--- Information shown ---

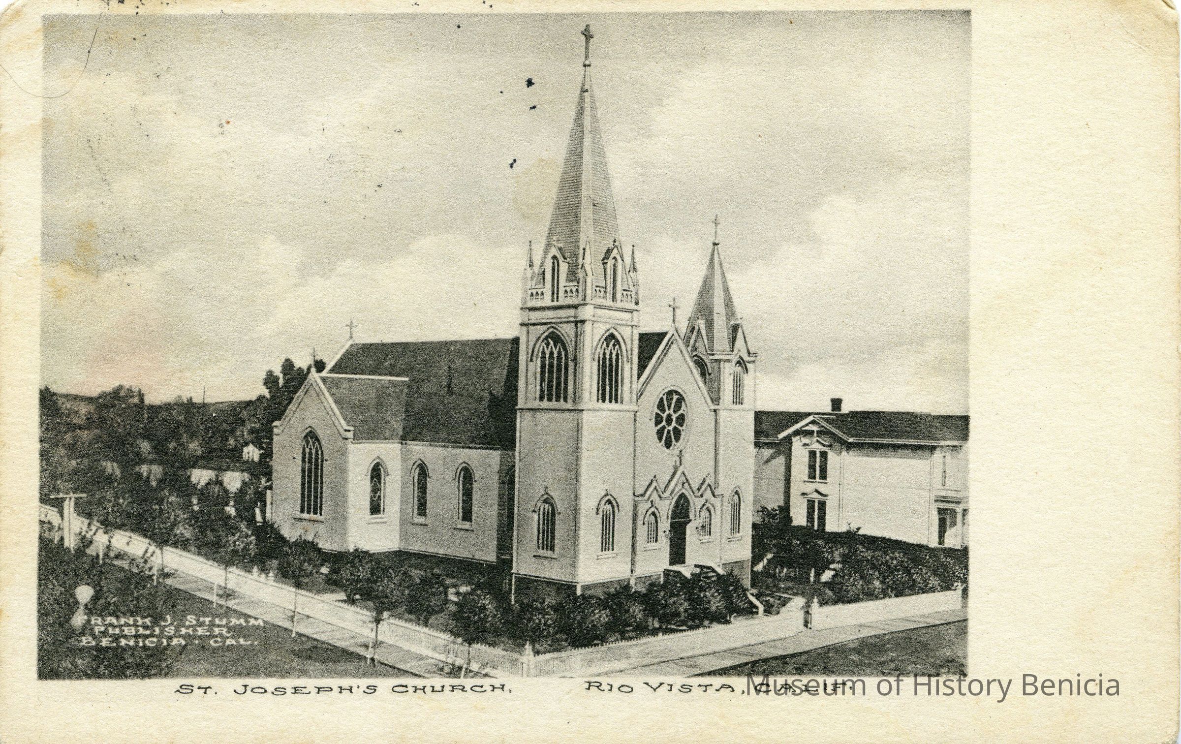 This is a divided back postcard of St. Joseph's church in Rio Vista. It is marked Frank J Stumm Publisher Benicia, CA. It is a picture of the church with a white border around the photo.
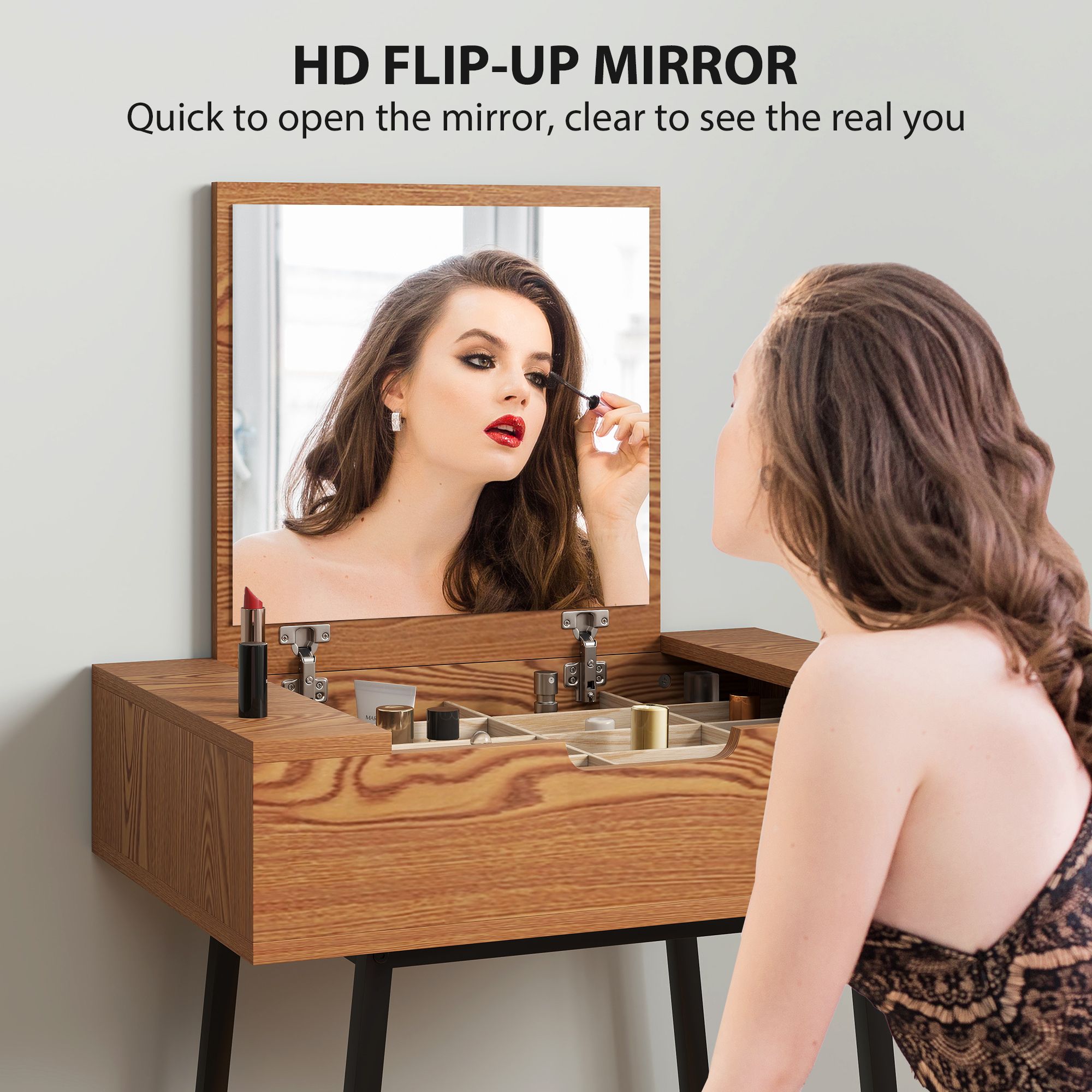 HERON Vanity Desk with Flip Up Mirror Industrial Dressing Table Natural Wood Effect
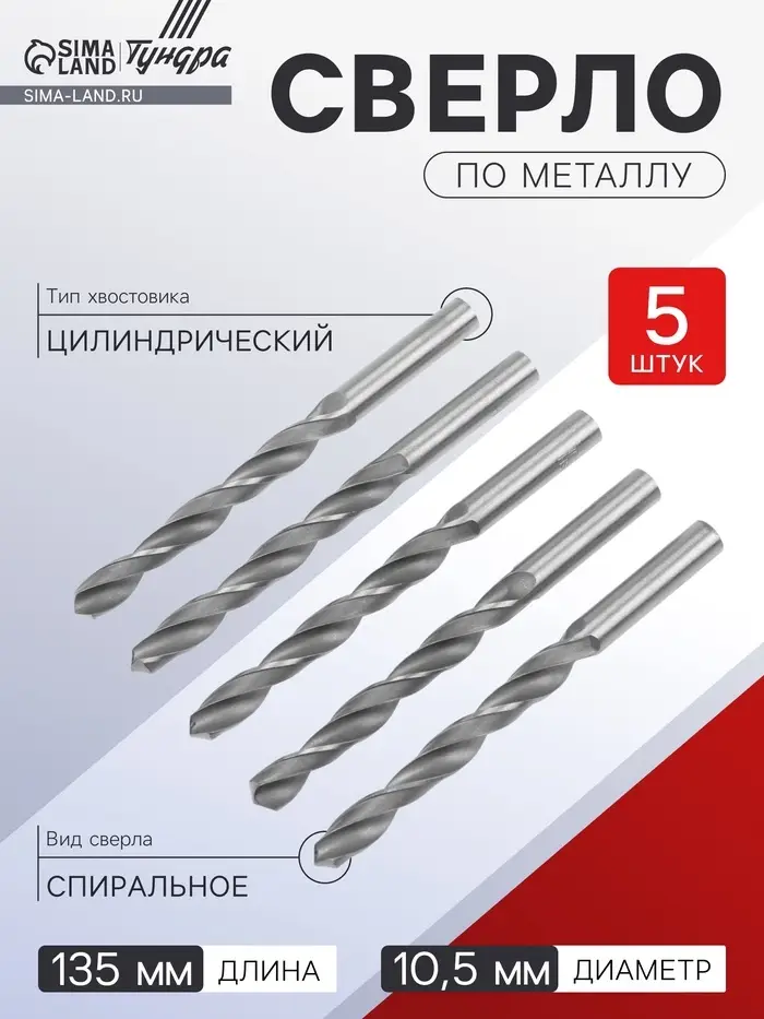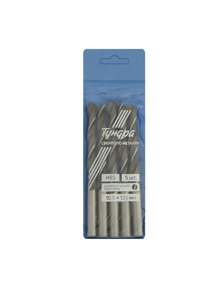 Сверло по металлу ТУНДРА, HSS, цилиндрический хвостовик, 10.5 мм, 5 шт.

---

▶ _Activity_
Only exact repeats of the lines from the one containing "HERON Vanity Desk" through the end of the listing above are wanted here; pictures are not.

▶ _Answer section_
 HERON Vanity Desk with Flip Up Mirror Industrial Dressing Table Natural Wood Effect
 Сверло по металлу ТУНДРА, HSS, цилиндрический хвостовик, 10.5 мм, 5 шт.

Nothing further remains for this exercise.